For my 25th birthday, I put my small group of friends to the test by ordering nearly everything off the dessert menu at The Chocolate Lab. This “lab” is a sweet and savory dining spot in the Dogpatch neighborhood which was started by the husband and wife duo, Michael and Jacky Recchiuti, who started Recchiuti Confections. Since I lead chocolate tasting tours in SF that stops for tastings at Recchiuti’s hope in The Ferry Building, I have already tried many of their confections. I’ve tried many of Recchiuti’s truffles. However, this would be my first attempt trying any of their dessert entrées.
We started our chocolate meal off with a small cup of drinking chocolate with a homemade marshmallow. The molten chocolate was so thick and rich, we immediately started to question our decision to just eat dessert for dinner.
For our second course we tasted this beautiful Chocolate Lab Cake. It is a devil’s food cake layered with bittersweet ganache, enveloped in a Recchiuti proprietary blend of 65% semisweet chocolate wrap, enhanced with cacao nib infused foam, topped with caramelized cacao nibs, swimming in coffee creme anglaise. Yes, it tastes as good as it looks.

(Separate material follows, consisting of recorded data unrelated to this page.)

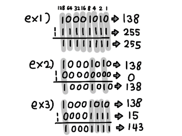 두 정수를 비트단위(bitwise)로 or 계산을 수행한 결과를 10진수로 출력한다.
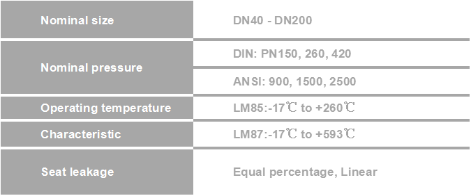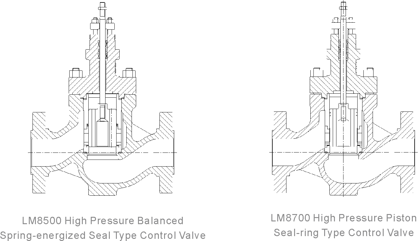 LM85/87 series cage guided high pressure balanced control valves are characterized by super dynamic stability, large allowable on-off pressure differential and smaller thrust force. All using three-piece separated cage combined optional spring-energized seal type or piston seal type take on excellent control precision and higher seat leakage rate. The temperature range varies with the sealing of different structures. They are best suitable to large pressure drop ratio, wide temperature change and high pressure conditions.
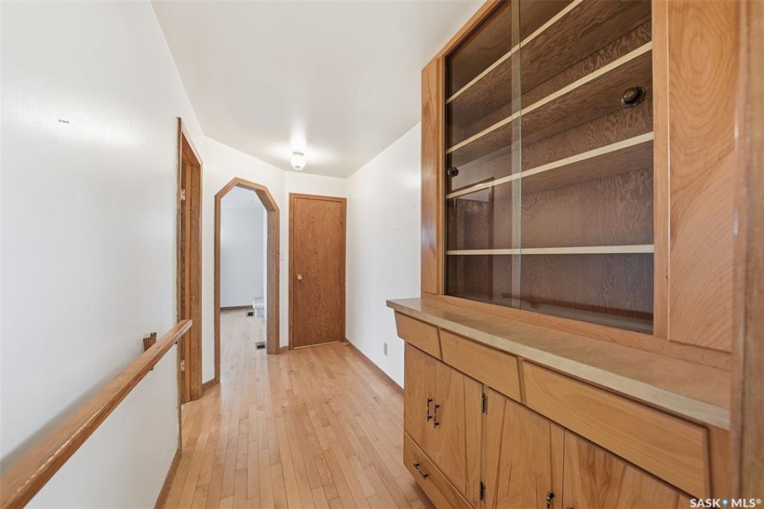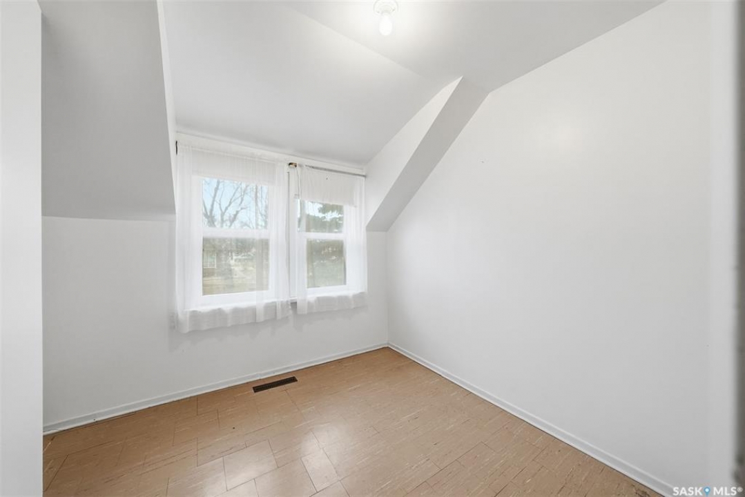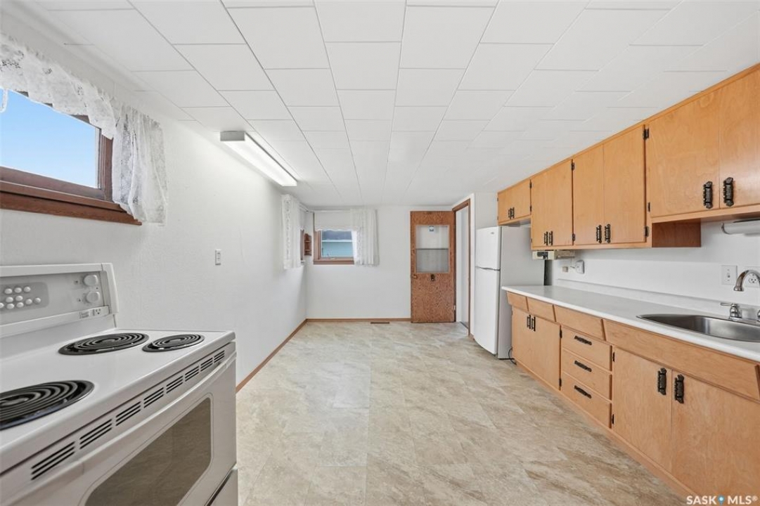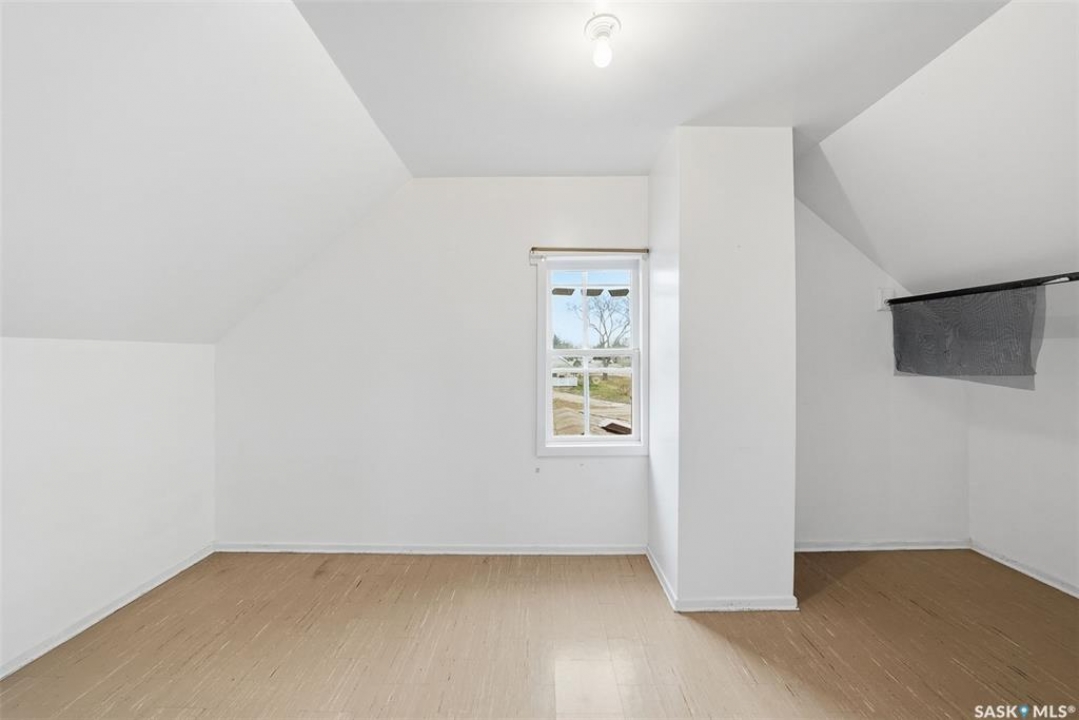 This 1 1/2 story home, situated on a 75x120ft lot, is ideally located near rink/ball diamonds and the downtown area. As you approach, the inviting front veranda sets the stage. Step into the cozy front porch and walk directly into the bright, open kitchen and dining area—an inviting space ideal for everyday living. Just off the kitchen/dining room is a convenient 4-piece bathroom. The main floor features a warm and welcoming layout complete with a comfortable living room highlighted by beautiful maple hardwood floors, as well as a main-level bedroom that offers flexible use as a guest room, office, or additional living space. Upstairs, you'll find three additional bedrooms, providing plenty of room for a growing family, hobbies, or storage. The basement includes a storage area and additional laundry hookups, as well as housing the furnace and water heater. Outside, there is a massive 22'-0" by 44'-0" garage that would be perfect for your projects, toy storage or even a home business. This home combines classic charm with some modern updates, making it ideal for families or as an investment property.
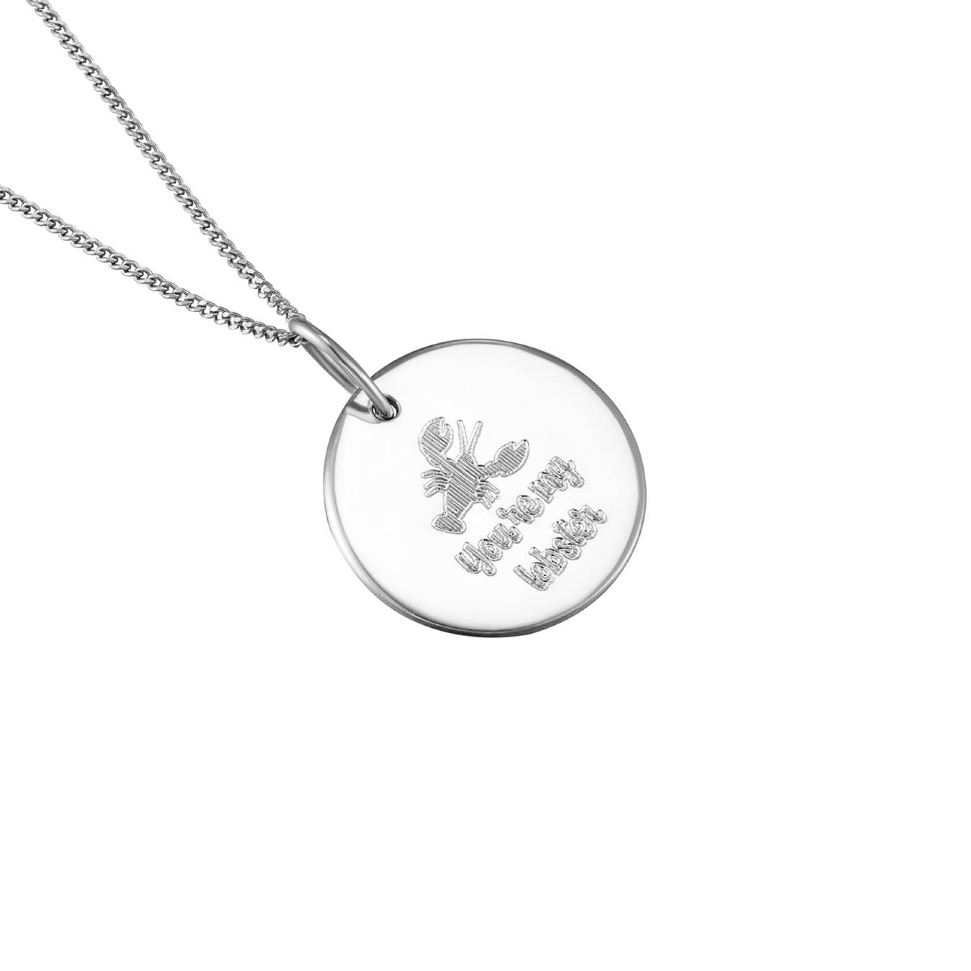 Sterling silver (.925) disc pendant engraved with ‘You’re my Lobster’. Available in sterling silver (.925), 18ct yellow gold plate over sterling silver (.925) or 18ct rose gold plate over sterling silver (.925).

Third we tried the highly recommended carrot cake. You may be wondering, where is chocolate? In between each layer is cake is a thick and creamy milk chocolate mousse. The cake is also topped with a non-traditional white chocolate frosting and caramelized pecans. It is served with a butterscotch custard creme.
Next we tried the Pot de Creme. Recchiuti Confections is known for their signature burnt caramel, so we had to had a dish that highlighted this unique flavor. In this dessert, the chef blended the burnt Caramel into a milk chocolate custard, sprinkled it with sugar and melted it into a brittle sugar crust. The crust was topped with a hazelnut crumble and figurative butter cookies.
For the last dessert, which we were almost too satiated to eat, we had the extra-rich brownie served a la mode, which was topped with an extra-bitter chocolate sauce.
This array of sweets definitely beats having a homogenous birthday cake.